* [Work order]: Only one stretch of the records below is wanted: the lines from the one holding "Pentru că știm" through the one holding "變頻器1﹑2﹑3分別控制電機". Return it exactly, both ends included.

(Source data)
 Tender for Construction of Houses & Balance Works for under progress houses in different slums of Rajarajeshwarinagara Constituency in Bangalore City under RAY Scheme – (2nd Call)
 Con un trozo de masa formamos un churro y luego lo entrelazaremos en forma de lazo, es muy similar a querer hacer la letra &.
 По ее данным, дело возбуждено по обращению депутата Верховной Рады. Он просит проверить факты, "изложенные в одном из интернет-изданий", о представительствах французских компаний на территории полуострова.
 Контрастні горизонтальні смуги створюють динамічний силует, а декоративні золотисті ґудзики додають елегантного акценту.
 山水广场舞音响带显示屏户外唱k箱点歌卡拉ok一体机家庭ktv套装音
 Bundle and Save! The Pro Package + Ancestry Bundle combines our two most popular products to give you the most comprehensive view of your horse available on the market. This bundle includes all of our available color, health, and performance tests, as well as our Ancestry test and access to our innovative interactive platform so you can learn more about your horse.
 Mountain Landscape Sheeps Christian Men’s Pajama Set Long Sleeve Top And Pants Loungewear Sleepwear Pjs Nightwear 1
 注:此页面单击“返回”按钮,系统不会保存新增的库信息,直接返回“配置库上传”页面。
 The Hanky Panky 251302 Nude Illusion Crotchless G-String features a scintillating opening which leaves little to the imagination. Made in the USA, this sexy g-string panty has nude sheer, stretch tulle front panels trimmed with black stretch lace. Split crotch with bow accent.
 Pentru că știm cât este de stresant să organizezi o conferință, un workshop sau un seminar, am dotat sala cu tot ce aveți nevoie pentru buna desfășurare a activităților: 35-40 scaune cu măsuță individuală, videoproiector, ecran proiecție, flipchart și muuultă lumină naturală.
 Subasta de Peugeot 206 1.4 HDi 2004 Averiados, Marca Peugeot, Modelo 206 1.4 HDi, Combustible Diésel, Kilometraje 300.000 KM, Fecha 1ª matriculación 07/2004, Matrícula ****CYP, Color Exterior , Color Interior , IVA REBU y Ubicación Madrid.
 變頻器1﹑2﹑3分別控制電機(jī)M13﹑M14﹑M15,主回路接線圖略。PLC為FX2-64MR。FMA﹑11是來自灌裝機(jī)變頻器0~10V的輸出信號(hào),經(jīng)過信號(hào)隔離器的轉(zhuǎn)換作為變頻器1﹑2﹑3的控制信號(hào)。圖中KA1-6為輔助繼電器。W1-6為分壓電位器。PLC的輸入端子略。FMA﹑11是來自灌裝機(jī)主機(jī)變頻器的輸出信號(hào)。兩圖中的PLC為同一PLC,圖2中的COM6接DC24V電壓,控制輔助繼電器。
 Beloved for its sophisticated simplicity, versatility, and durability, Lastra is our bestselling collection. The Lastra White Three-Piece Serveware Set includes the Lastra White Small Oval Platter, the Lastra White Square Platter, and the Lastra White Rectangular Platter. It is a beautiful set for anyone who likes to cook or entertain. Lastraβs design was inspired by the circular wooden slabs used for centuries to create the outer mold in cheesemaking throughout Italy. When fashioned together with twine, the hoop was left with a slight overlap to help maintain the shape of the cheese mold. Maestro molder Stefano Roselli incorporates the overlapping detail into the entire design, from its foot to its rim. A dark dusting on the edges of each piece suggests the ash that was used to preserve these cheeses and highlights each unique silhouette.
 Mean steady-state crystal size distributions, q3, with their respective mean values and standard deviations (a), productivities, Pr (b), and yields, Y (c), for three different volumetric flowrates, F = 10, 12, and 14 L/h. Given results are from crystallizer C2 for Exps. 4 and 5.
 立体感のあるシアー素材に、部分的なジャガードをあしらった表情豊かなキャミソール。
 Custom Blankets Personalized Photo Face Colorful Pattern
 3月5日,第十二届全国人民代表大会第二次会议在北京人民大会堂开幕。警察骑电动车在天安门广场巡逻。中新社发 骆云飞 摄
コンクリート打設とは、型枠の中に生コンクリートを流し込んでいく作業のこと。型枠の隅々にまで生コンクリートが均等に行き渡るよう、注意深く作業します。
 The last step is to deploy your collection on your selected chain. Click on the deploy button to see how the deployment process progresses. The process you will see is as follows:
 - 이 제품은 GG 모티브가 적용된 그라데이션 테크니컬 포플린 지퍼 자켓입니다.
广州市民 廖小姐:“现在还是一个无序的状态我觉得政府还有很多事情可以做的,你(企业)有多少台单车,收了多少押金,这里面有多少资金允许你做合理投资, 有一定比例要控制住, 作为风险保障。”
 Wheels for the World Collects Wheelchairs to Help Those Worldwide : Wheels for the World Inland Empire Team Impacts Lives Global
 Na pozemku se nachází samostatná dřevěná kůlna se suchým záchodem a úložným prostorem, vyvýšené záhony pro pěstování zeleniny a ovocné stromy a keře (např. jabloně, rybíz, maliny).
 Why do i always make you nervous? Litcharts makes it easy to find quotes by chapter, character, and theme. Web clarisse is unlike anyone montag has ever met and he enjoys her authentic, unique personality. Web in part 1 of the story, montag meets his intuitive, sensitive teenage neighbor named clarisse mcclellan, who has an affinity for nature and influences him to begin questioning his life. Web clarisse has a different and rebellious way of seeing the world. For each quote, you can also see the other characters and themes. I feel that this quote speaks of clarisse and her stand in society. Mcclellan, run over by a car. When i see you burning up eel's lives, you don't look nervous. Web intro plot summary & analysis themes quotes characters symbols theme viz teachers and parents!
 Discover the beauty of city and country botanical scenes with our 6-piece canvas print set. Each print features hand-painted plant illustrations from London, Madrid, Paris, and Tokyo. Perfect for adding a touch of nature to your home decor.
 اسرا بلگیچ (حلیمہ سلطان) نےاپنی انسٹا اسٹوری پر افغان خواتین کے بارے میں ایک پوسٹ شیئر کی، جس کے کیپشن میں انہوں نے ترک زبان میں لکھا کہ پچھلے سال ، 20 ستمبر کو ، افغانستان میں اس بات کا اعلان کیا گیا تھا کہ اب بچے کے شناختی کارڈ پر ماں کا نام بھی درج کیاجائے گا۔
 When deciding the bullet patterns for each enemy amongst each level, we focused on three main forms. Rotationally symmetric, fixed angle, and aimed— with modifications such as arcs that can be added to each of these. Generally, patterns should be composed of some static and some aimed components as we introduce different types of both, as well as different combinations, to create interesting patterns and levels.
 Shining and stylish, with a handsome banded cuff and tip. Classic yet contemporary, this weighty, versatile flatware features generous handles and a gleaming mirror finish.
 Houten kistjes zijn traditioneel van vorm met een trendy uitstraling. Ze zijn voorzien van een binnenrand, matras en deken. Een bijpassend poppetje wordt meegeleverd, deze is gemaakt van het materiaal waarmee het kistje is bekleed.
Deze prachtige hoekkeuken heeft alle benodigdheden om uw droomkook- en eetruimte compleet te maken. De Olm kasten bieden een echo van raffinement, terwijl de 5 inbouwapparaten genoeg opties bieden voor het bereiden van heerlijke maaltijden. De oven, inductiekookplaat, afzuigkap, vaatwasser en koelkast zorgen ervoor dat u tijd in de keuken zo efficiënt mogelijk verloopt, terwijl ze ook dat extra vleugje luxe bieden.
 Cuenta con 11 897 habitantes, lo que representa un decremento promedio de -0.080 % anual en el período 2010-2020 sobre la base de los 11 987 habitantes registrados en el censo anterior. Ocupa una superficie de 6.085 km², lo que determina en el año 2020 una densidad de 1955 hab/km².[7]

* [Answer section]:
 Pentru că știm cât este de stresant să organizezi o conferință, un workshop sau un seminar, am dotat sala cu tot ce aveți nevoie pentru buna desfășurare a activităților: 35-40 scaune cu măsuță individuală, videoproiector, ecran proiecție, flipchart și muuultă lumină naturală.
 Subasta de Peugeot 206 1.4 HDi 2004 Averiados, Marca Peugeot, Modelo 206 1.4 HDi, Combustible Diésel, Kilometraje 300.000 KM, Fecha 1ª matriculación 07/2004, Matrícula ****CYP, Color Exterior , Color Interior , IVA REBU y Ubicación Madrid.
 變頻器1﹑2﹑3分別控制電機(jī)M13﹑M14﹑M15,主回路接線圖略。PLC為FX2-64MR。FMA﹑11是來自灌裝機(jī)變頻器0~10V的輸出信號(hào),經(jīng)過信號(hào)隔離器的轉(zhuǎn)換作為變頻器1﹑2﹑3的控制信號(hào)。圖中KA1-6為輔助繼電器。W1-6為分壓電位器。PLC的輸入端子略。FMA﹑11是來自灌裝機(jī)主機(jī)變頻器的輸出信號(hào)。兩圖中的PLC為同一PLC,圖2中的COM6接DC24V電壓,控制輔助繼電器。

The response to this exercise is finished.